Filed Under: Bible, Christianity Tagged With: love, Proverbs, Psalms, narcissism, self-love

In which Lady wisdom is an analogy for your spouse.

March 16, 2013 by Geoff Leave a Comment

In a previous post I mentioned that to become wise, you must flirt with Lady Wisdom. Proverbs 8:32-36 notes that she’s interested in men who study at her gates. Similarly, I submit that in marriage a husband should study his wife.
Not in the sense of being a panderer or a sycophant (that ruins friendships, I imagine it ruins marriages too), but in the sense of figuring out what makes her happy, what her temptations and struggles are, what her goals are, what the Lord has done for her thus far, etc. Then obey Jesus and “do unto others…”

Biblically speaking, wives are obviously admonished to do the same (but there’s no analog for Flirting with the wise guy that sounds as cool). So, just like you have to flirt with Lady Wisdom to become wise. Use the strategies for gaining wisdom to be a good husband or wife.
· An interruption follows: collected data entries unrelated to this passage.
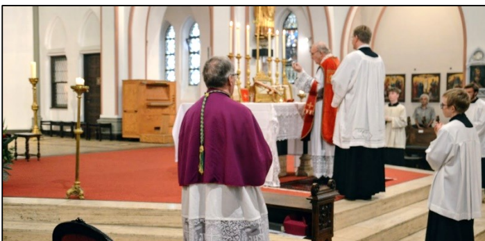
FESTEN FOR APOSTLENE SKT. PETER & PAULUS – 28. JUNI 2020
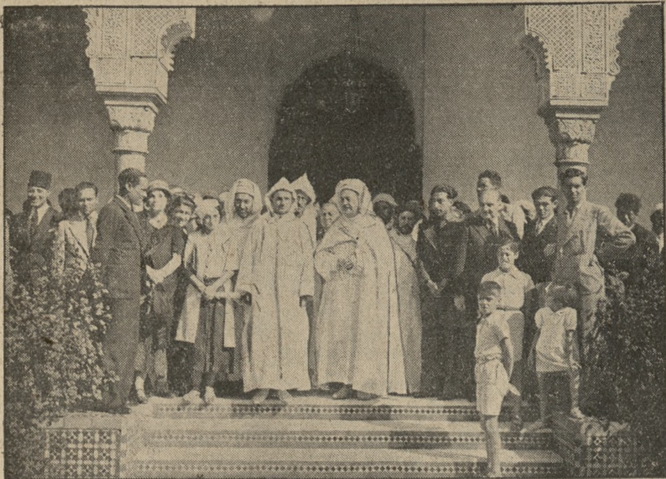
Sułtan marokański na rocznym zjeździe związku Habousów (miejsce pielgrzymkowych mahometańskich), odbytym w tych dniach w Paryżu w jednej z sal meczetu paryskiego.
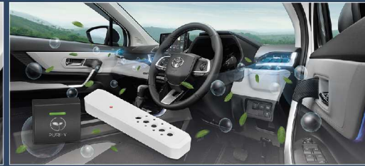
เครื่องฟอกอากาศในรถยนต์ (แบบปล่อยประจุ) พร้อมไฟแสดงสถานะอากาศ
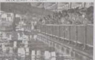
浅草の観光名所、浅草寺の雷門。右に浅草橋が見える。

◆ワインバル「ルガール」 台東区浅草2の14の7。☎03・6876・3025。午後2時～深夜2時。不定休。

I think of various proverbs (which are not divine revelation in the same sense as Isaiah, the Pentateuch or the Gospels, but are rather an inspired compilation of observational wisdom):

Won’t those who continually plot evil go astray? But gracious love and truth are for those who plan what is good.
(Pro 14:22)

Being slow to get angry compares to great understanding as being quick-tempered compares to stupidity. (Pro 14:29)

A gentle response diverts anger, but a harsh statement incites fury. (Pro 15:1)

These are all fairly obvious, but careful reflection can often reveal to the reader that they (that I myself) routinely live out of step with behavior patterns that seem self-evident. For instance “gracious love and truth are with those who plan good.” That’s obvious in life and especially obvious in a marriage with two sane people. Planning to do legitimate good typically (not always because the world is fallen and ugly) leads to good things. But how often do we neglect spiritual disciplines (a plan to become good)? How often do we actually plan to accomplish specific good things for others? I hope often.

Listen to this next string of advice from chapter 15:

The mind of the righteous thinks before speaking, but the wicked person spews out evil. (Pro 15:28)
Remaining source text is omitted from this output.